Read episode 9 here: http://bit.ly/compulsionsserial
Twelve hours passed.
It would’ve been nice if I had managed to sleep the necessary eight of them the night before.
Heck, I would’ve been satisfied with two hours of sleep last night. At least then I would’ve gotten a break from this misery.
Bullshit. Calum would follow me into my dreams. He’d done it before.
How could you miss someone so much, less than a full day since you last saw them?
Probably because you aren’t going to see him again anytime soon. If at all.
Because I was a freak.
Because I left him.
Because I couldn’t handle the mere thought of him still having feelings for his ex-fiancé.
You don't have feelings for anyone but him. It’s only fair to expect the same in return.
Very true. I’d adored Corey more than the air I breathed—those feelings were long, long gone, incinerated as they deserved to be.
But it’d been almost four years since the day I’d found him eating out Caroline. More than enough time to push that little bastard out of my system.
It’d been just four months for Calum. It was only human for him to still foster something for Diane.
The mad urge to seek him out and offer to wait for him choked me. As if I wasn’t aware how pathetic I’d become for him.

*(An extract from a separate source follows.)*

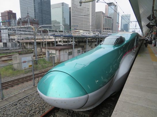2日(月)、朝7時ごろから朝食。のち、フロントにてバッグを宅配便で送るように手配。軽い手提げ鞄ひとつラクチンスタイルで仙台駅へ。8時16分発の「はやぶさ6号」に乗車。羽田からの飛行機は16:25発なので、たっぷり時間があり。それまで東京見物をする予定。(以後は明日夕刻に報告いたします。写真下は、今朝の仙台駅にて。滑り込んで来た「はやぶさ6号」)

One: waiting for him is what a woman in love did. A pitiful one at that. I’d be damned if I was going to go as far as stating that I was in love with him. I was a single breath away from collapsing, admitting a truth I wasn’t ready to deal with, and after last night, there was no point.
He’d probably never want to see me again.
Two: some emotions never went away. There was no guarantee that he would ever be emotionally available enough to love me the way I needed.
Yes, I did need love—a hell of a lot of it, actually. The reason I didn't want to be in a relationship was because I didn't believe that type of love existed out there.
Irrevocable. Unconditional. Emotionally and physically faithful to me no matter what.
I refused to settle for less. Never again.
Now, Calum and I were over because of what I needed.
So why did I keep checking my phone every three seconds?